I have never felt terror like that, I got home really late then had to explain to Ollie what happened, then call the family and tell them to come down, they were all brilliant, especially Grandpa & Aunty Catharine who talked to me and calmed me down a bit. Later on that night, I just didn't know what to do with myself. I just got down on my knees and prayed my bloody heart out, I got everyone to pray, and so did Robin & Ruth, Grandma.. everyone at the church and all our friends.
The next morning, I couldn't believe it... I was sitting on the settee next to Ollie and the phone rang, he answered it and it was Mum's voice... I just wept with joy, I had a quick word with her, and a euphoric wave came over me like a waterfall of peace and I couldn't deny a miracle. Mum was able to talk, she was saying she was okay.
My life has changed. I now know what life is all about. Material shit, money, being beautiful, sexy... all that bollocks doesn't matter at the end of the day. It doesn't mean SHIT.
ALL that matters is the ones you love. DONT EVER take anyone you love for granted. Sometimes it has to literally STARE you in the face to make you realize what reality is. Don't wait until this happens to you to make you understand the importance of family, friends and relationships.
That night I was praying, my hair was matted, I was sweating, my face was puffy and everyone could see me crying in the corridor.. I just didn't give a flying fuck.
Hey... maybe all this crap has happened for a reason?

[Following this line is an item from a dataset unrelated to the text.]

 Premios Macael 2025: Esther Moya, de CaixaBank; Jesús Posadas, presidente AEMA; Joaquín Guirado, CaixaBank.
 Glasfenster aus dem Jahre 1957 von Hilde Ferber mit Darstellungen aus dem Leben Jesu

And she's home now. I am just SO blessed to have her here and alive and recovering.
Yes, i need therapy. Lol.
Saturday, 26 November 2011
Wednesday, 23 November 2011
..healing..
Mum isn't feel well at all and has had a temperature and been in pain and I have prayed that she will get better.

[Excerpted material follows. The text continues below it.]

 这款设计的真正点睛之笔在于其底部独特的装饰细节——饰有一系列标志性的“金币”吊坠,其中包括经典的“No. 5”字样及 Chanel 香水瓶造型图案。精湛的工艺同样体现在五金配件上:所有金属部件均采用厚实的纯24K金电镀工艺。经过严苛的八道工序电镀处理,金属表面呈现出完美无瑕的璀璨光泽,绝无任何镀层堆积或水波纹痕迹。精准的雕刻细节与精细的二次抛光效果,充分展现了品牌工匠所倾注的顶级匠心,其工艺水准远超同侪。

I have been so overwhelmed with emotion and sadness today, the tears just kept rolling. I have found this meditation really wonderful and helpful to me, it's helped lift my mood. I'm going to try and do it every day.
Tuesday, 22 November 2011
Precious ones.
Keep those you love close to you and appreciate every day!

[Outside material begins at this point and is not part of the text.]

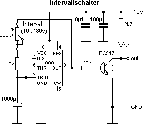 Der ebenfalls im Steuergerät untergebrachte Intervallschalter ist mit einem Timer-Baustein 555 aufgebaut. Dieser ist so beschaltet, daß Ein- und Ausschaltzeit in etwa gleich sind. Die Funktionsweise der Schaltung ist folgende: Ist der Ausgang (Pin 3) auf 12V, wird der 1000µ-Elko über das 220k-Poti und den 15k-Widerstand solange aufgeladen, bis die Spannung an TRIG (Pin 2) den Schwellwert von ca. 8V erreicht. Dadurch schaltet der Ausgang (Pin 3) auf 0V, wodurch der Elko über das Poti und den Widerstand solange entladen wird, bis die Spannung an THR (Pin 6) auf etwa 4V gefallen ist. Dadurch schaltet der Ausgang (Pin 3) wieder auf 12V, und das Spiel beginnt von Neuem. Ein- und Ausschaltzeit hängen somit direkt von den Werten des Elkos und der Reihenschaltung aus Widerstand und Poti ab. Diese wurden durch Ausprobieren so dimensioniert, daß sich eine Ein- und Ausschaltzeit von jeweils ca. 10...180 Sekunden ergibt.

<3 get well soon mum, i'm just so grateful to have you.
x x x
Friday, 4 November 2011
.: New Eyes :.
I have called this first entry .:New Eyes:. because 2011 I feel like I see the world through new eyes. This year has been significant for my family & I, not just scary & emotional but also humbling and moving. This picture of Mum in the field sums up how I'm feeling right now; blessed to have a wonderful Mum who is alive, and blessed to live in a world so hauntingly strange, stunning and full of beauty.